Collected data

=======

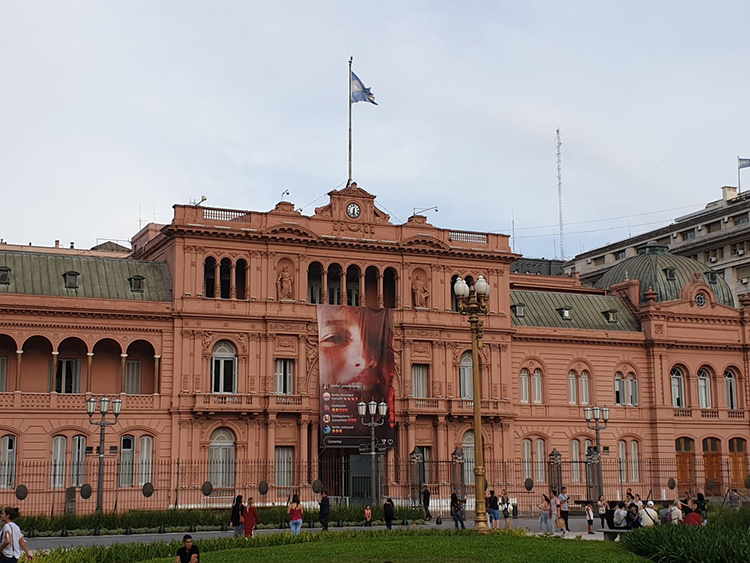 Çatısında mavi, beyaz ve sarı rengindeki Arjantin bayrağı dalgalanıyor. Arjantinlilerin meşhur ‘Evita’sının yani Eva Peron’un kalabalıklara siyasi konuşmalar yapıp Arjantin halkını peşinden sürüklediği pembe balkonu fark ediyoruz. Ölümünün üstüne yetmiş yıl geçmesine rağmen Eva Peron’un ruhunun hala halkın ve şehirin içinde yaşadığını hissediyorsunuz.
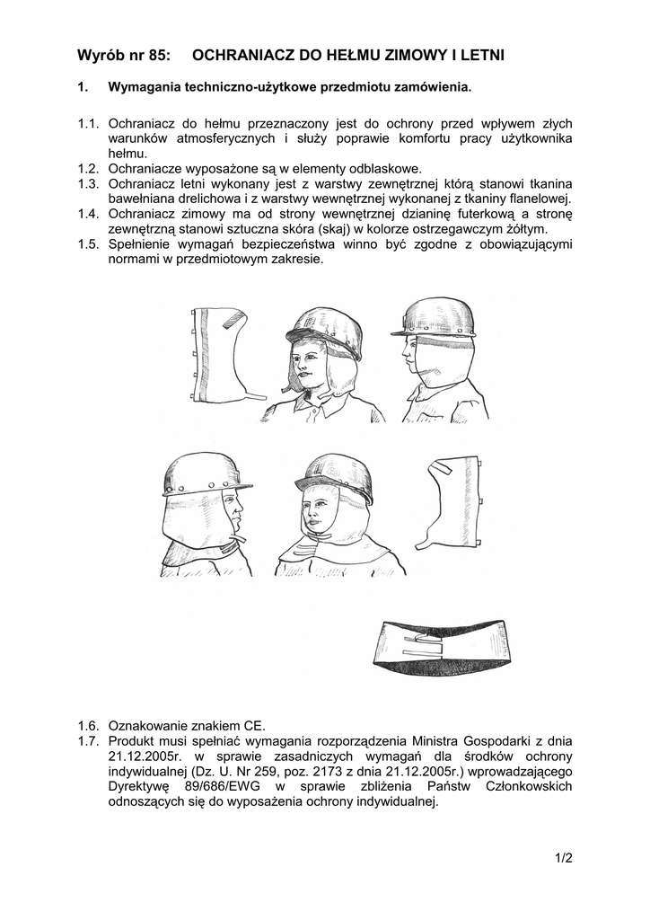 Wyrób nr 85: 1. OCHRANIACZ DO HEŁMU ZIMOWY I LETNI Wymagania techniczno-uŜytkowe przedmiotu zamówienia. 1.1. Ochraniacz do hełmu przeznaczony jest do ochrony przed wpływem złych warunków atmosferycznych i słuŜy poprawie komfortu pracy uŜytkownika hełmu. 1.2. Ochraniacze wyposaŜone są w elementy odblaskowe. 1.3. Ochraniacz letni wykonany jest z warstwy zewnętrznej którą stanowi tkanina bawełniana drelichowa i z warstwy wewnętrznej wykonanej z tkaniny flanelowej. 1.4. Ochraniacz zimowy ma od strony wewnętrznej dzianinę futerkową a stronę zewnętrzną stanowi sztuczna skóra (skaj) w kolorze ostrzegawczym Ŝółtym. 1.5. Spełnienie wymagań bezpieczeństwa winno być zgodne z obowiązującymi normami w przedmiotowym zakresie. 1.6. Oznakowanie znakiem CE. 1.7. Produkt musi spełniać wymagania rozporządzenia Ministra Gospodarki z dnia 21.12.2005r. w sprawie zasadniczych wymagań dla środków ochrony indywidualnej (Dz. U. Nr 259, poz. 2173 z dnia 21.12.2005r.) wprowadzającego Dyrektywę 89/686/EWG w sprawie zbliŜenia Państw Członkowskich odnoszących się do wyposaŜenia ochrony indywidualnej. 1/2 1.8. Dostarczane wyroby muszą być oznakowane zgodnie z obowiązującymi przepisami i normami na kaŜdym egzemplarzu w sposób widoczny, czytelny i odporny na zatarcie przez cały okres jego uŜytkowania. 1.9. Miejsce realizacji zamówienia: magazyny Zamawiającego wskazane w zamówieniach. 2. Wykaz dokumentów wymaganych przy składaniu oferty. 2.1. Deklaracja zgodności WE, w której, oprócz powołania się na obowiązujące przepisy i normy, ma być przywołany zapis z § 670 pkt. 2 rozporządzenia Ministra Gospodarki z dnia 28.06.2002r. w sprawie bezpieczeństwa i higieny pracy, prowadzenia ruchu oraz specjalistycznego zabezpieczenia przeciwpoŜarowego w podziemnych zakładach wraz z późniejszymi zmianami (deklaracja zgodności WE wystawiona przez Producenta lub upowaŜnionego przedstawiciela według obowiązujących przepisów prawa). 2.2. Deklaracja Wykonawcy/Oferenta, Ŝe wyrób spełnia przedstawione przez Zamawiającego wymagania oraz jest zgodny z opisem wyrobu zawartym w „Katalogu opisowo-rysunkowym obuwia, odzieŜy, sprzętu i środków ochrony indywidualnej”. 2.3. Dokument potwierdzający właściwości antyelektrostatyczne gotowego wyrobu oraz jego przydatność do stosowania w górnictwie w polach niemetanowych i metanowych w wyrobiskach zaliczonych do stopni „a”, „b”, „c” niebezpieczeństwa wybuchu wydany przez jednostkę notyfikowaną lub akredytowaną jednostkę certyfikującą lub akredytowane laboratorium badawcze. 2.4. Dokument potwierdzający, Ŝe wyrób nie jest szkodliwy dla zdrowia, wydany przez Producenta. 2.5. Instrukcja uŜytkowania wyrobu zgodna z wymaganiami rozporządzenia Ministra Gospodarki z dnia 21.12.2005r. w sprawie zasadniczych wymagań dla środków ochrony indywidualnej (Dz. U. Nr 259, poz. 2173 z dnia 21.12.2005r.). 3. Wykaz dokumentów wymaganych przy pierwszej i kolejnych dostawach. 3.1. Wraz z pierwszą dostawą wyrobu na kopalnie producent lub upowaŜniony dostawca winien dołączyć: instrukcję uŜytkowania, przechowywania i konserwacji odzieŜy, dokument wydany przez jednostkę notyfikowaną lub akredytowaną jednostkę certyfikującą lub akredytowane laboratorium badawcze potwierdzający, Ŝe oferowany wyrób jest antyelektrostatyczny i Ŝe moŜe być bezpiecznie stosowany w przestrzeniach zagroŜonych wybuchem, dokument potwierdzający, Ŝe wyrób nie jest szkodliwy dla zdrowia, wydany przez Producenta, a przy kaŜdej dostawie deklarację zgodności WE i świadectwo jakości. 2/2
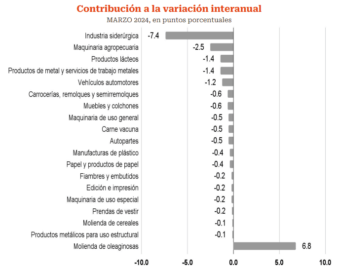 Molienda de oleaginosas fue la única actividad sectorial de contribución positiva (+6,8 p.p.). Descontando este efecto sectorial compensador, la producción industrial en la provincia de Santa Fe hubiese registrado una disminución de 24.8% interanual.
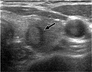 Εικόνα Γ (Συμπαγής όζος στον αριστερό λοβό του θυρεοειδούς σε υπερηχογράφημα)
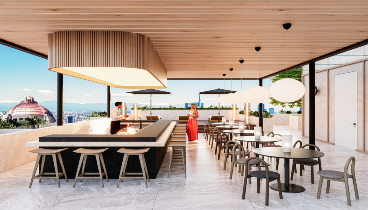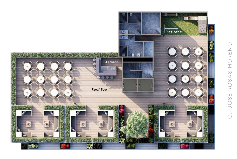 Las amenidades de Park San Rafael: Roof Top con área lounge y asador, Pet zone con espacio para grooming, Coworking y Bike-parking.
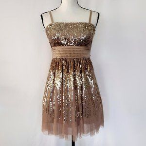 BCBGMaxAzria Convertible Strap Silk and Tulle Sequined Party Dress
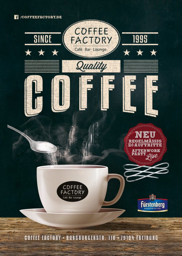 … nun mit nNeuemr Pächter, neuer Inneneinrichtung, High-End La Cimbali Kaffeemaschine und original italienischer Kaffee. Die Devise der Coffee Factory lautet also nach wie vor: Richtig guter Kaffee in allen Variationen, überdurchschnittliche Qualität zu fairen Preisen am Mittagstisch und dies ergänzt um ein umfangreiches Angebot an offenem Tee (inkl. BIO Bio und Detox). Kandiert wird das neue Gesamtpaket mit After-Work-Partys, DJ-Gigs, neuer Cocktailkarte und frischen Bierspezialitäten. Die konkreten Veranstaltungstermine gibt es zeitnah über Facebook. www.facebook.com/coffeefactory.de

=======

● What the task requires: Using the data above, retype exactly the lines from the line with "Εικόνα Γ (Συμπαγής" to the line with "BCBGMaxAzria Convertible Strap", inclusive. No pictures and nothing else.

● Written response:
 Εικόνα Γ (Συμπαγής όζος στον αριστερό λοβό του θυρεοειδούς σε υπερηχογράφημα)
 Las amenidades de Park San Rafael: Roof Top con área lounge y asador, Pet zone con espacio para grooming, Coworking y Bike-parking.
 BCBGMaxAzria Convertible Strap Silk and Tulle Sequined Party Dress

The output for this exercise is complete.